The awareness of IPV as a “public health problem” for same-sex relationships or LGBT individuals is stymied (Klostermann, Kelley, Milletich and Mignone, 2011; Lehavot, Walters and Simoni, 2010). One influential study very early on claimed that IPV is the third most severe health problem among gay men, after AIDS and substance abuse, and may affect 15–20% of both gay and lesbian men and women (Island and Letellier, 1991).Recently research on same-sex IPV has discovered a number of negative health outcomes stemming from victimization (see Messinger, 2014). These outcomes include substance abuse (Kelly et al., 2011; McClennen et al., 2002; Stall et al., 2003), mental health issues and psychological trauma (Stall et al., 2003; Gillum and DiFulvio, 2014), and physical injuries (Dolan-Soto, 2000; NCAVP, 2012). Although rarely compared, one study did find that lesbian and bisexual victims were more likely to report negative outcomes than heterosexual victims (Walters et al., 2013). Potentially compounding these issues are some negative health outcomes that are unique to LGBT individuals generally, such as general substance abuse (see Kelly et al., 2011; Lewis et al., 2012) and suicidal ideation (Massachusetts Department of Education, 2006; National Transgender Discrimination Survey, 2010).
Moreover, because of the continued social stigma associated with being LGBT, many LGBT youth and adults do not openly disclose their sexual orientation to others publically or privately. Findings from discussions with advocates and healthcare professionals in the city of New York showed that the healthcare environment is heterosexist and gender-normative; providers lack knowledge about health disparities affecting LGBT people; LGBT individuals experience hostility and discrimination in care; and concerns about homophobia and transphobia keep LGBT individuals from using healthcare services (Grant, Mottet and Tanis, 2010).
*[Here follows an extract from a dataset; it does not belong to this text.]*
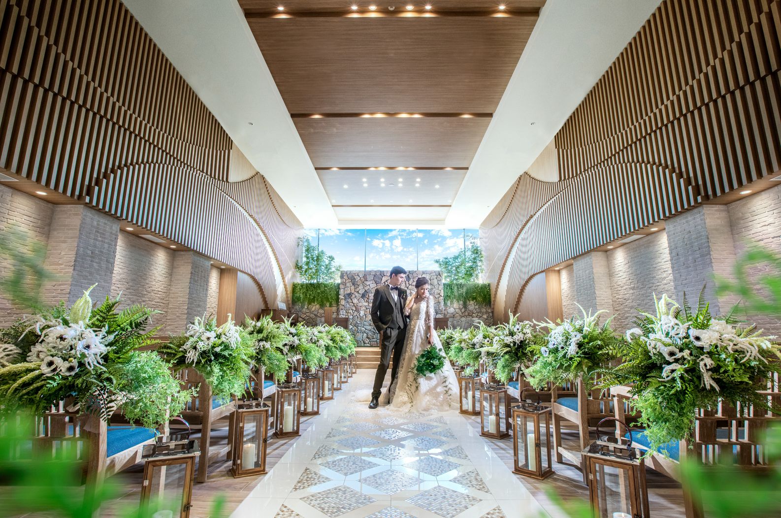 02.【光・木・石】が彩る温かみあふれるモダンチャペル。式後は青空の下でアフターセレモニー

From a public health perspective, unlike the adverse effects of smoking or alcoholism (a popular focus for LGBT health researchers)—or other commonly cited general health issues like obesity, cancer, or depression—same-sex and LGBTQ+ intimate partner violence remains a seemingly controversial issue. More than individual vices or diseases, intimate partner violence seems to threaten the social and moral fabric of relationships and families. While the public health sector has been able to admit, officially since 1989 in the U.S. and 1996 globally, that violence against women by men is a social problem and that ending it should be a priority, it has been reticent to admit the same is true for those abused by a same-sex partner or who identify as LGBTQ+.
This paper critiques the current model of IPV detection and prevention (e.g. as rooted in patriarchy, gendered power, and physical violence exclusively; and as entrenched in the medical-industrial complex) and, using quantitative analyses (from the NISVS) and focus group narratives (from work in NYC), highlights the specific concerns of LGBTQ+ victims/survivors: such as, power along other axes – race, class, age, etc.; the increasing use of emotional/verbal abuse and control; the need for alternative definitions of rape; issues in “outing,” HIV status, and minority stress; biphobia/binegativity in intimate relationships; and the heterosexism, homophobia, and transphobia present within the health care system and the need for more extensive cultural competency/humility training or alternatives to the traditional system, such as community-based organizations.